Sure, this hodge podge of mini-posts may make it seem like we're being lazy, but put those negative thoughts out of your head. We're doing all we can, given that we had a huge crash last night after getting into the leftover Halloween stuff.
- I got a frantic email this evening from a student in my mid-level undergrad course. She just now realized - 9 weeks into the term - that she took and completed this same course last year. It's exactly the same course, with the same title and course number, the same textbook and the same assignments. She wrote that she "didn't know" that she had taken the course before. I'm sure she didn't know, because she's been too busy playing Tetris on her cellphone.
- It might be worth pointing out that ratemyprofessors.com now allows students to upload pictures of their profs for public viewing. "Ohhh Snap!" it ever-so-articulately states. "RateMyProfessors.com just launched Professor Pictures! Bust out your camera phone and upload your professor's picture today!"
- I am tired of babysitting my students. I feel as if I'm in middle school, reminding them to do things like bring a pen to class, bring their books, turn off their phones, put the fucking newspaper down, stop fidgeting, close up the potato chips, take their feet off the desk (and put their flip flops back on!) I have told students several times this semester to quit talking while someone else is talking, to not come to class 40 minutes late, to not take phone calls during class. They sit there with the most perplexed looks.
- I assigned an evaluation essay to my class, and I specified a thorough evaluation of at least three brands or items from a single product line - three different toothpastes, three different kinds of multi-grain bread, etc. The example we read in our textbook actually was a cute student essay about three different brands of soda that the writer had inventively evaluated for taste, after-taste, coolness factor, cost, and nutritional value. This one student wrote a paper that was about the first time he tasted his grandfather's beef jerky and how much he liked it. I gave the paper back after class with the D and he blew a gasket. Don't I know how hard he worked on it? Didn't I know that he went to the trouble to have his mom proofread it - "And she lives all the way in Pennsylvania!"

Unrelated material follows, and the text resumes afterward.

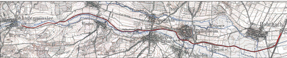 Der erste Bauabschnitt Bahnhof „Rohrbach-Steinweiler“ mit erforderlichen Wendekreisen ist weitgehend fertiggestellt, weshalb wir die Fortsetzung in Richtung „ Klingenmünster“ planen. Da die derzeitigen Platzverhältnisse nur eine begrenzte Zahl an Modulen für den Einbau hergeben, werden wir den Endpunkt der damaligen Strecke darstellen und sodann eine passable Verbindung zwischen beiden Bahnhöfen erstellen. Die Klingbachtalbahn ist im gleichlautenden Buch beschrieben.

- I get a paper that's a C. I give it a B. And then the mommy calls me – at home – demanding to know why I didn't give it an A. After all, mommy's S.L.G. (Special Little Genius) absolutely MUST go to Harvard or Oxford or Yale or Cambridge or wherever, and if I don't give S.L.G. an "A," mommy and daddy will have 'a talk' with the principal and pull the student - and all that tuition - from our school and send S.L.G. to a private school where he *will* get an A.
- Let's just be clear on one thing. Sometimes they ARE pajama pants. Yes, the ones with the little slit in the front. And the guy in my 4:30 pm class who consistently wears them really shouldn't sit in a wide V-position, with one leg bent up on the chair next to him. This should be especially true when he's not wearing underwear. When the other guys in class berated him for it earlier in the semester, he grabbed his crotch and said, "I'm just giving the ladies a little something to think about."

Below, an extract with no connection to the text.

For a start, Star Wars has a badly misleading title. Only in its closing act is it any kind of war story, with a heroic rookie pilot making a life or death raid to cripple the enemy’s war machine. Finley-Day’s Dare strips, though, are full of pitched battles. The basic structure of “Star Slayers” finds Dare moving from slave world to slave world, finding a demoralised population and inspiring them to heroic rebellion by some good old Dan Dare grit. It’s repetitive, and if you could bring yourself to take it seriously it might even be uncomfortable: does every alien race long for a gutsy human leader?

- You guys need to post more listings of students to avoid. I'm just getting going in this business, and I can't tell the regular ass-kissers from the ass-kissers who are going to be a problem after that first bad grade. Is there a system?
- On the first day of class I introduce myself as Professor Hewitt. I do not use my first name around the students. I do not sign my e-mails with my first name. And yet in class and in e-mail the students seem to feel free to call me Richard, Rick, or Dick. Here's a hint, Mr. and Miss Bad Manners: if you don' t know which nickname someone uses, use their last name instead. And here's another hint: if someone is in a position of authority over you, and is two or three times your age, you might want to try formality as a sign of respect. Just an idea.
- Where on earth do students get the idea that I am going to postpone their exam because their boyfriend's mother had a foot operation? Unless I drove over this person's foot in my own car, it's not a story I'm interested in.
- If a cell phone goes off in class, I send that student home, mark him/her absent, and give the rest of the class a pop-quiz. The student with the phone gets a zero, of course. This way, I punish the entire class for one student’s mistake. It breeds a general hostility between class members and toward the offensive student. But I'm never bothered by cell phones again. Grow up or get out. Make room for someone who still gives a shit.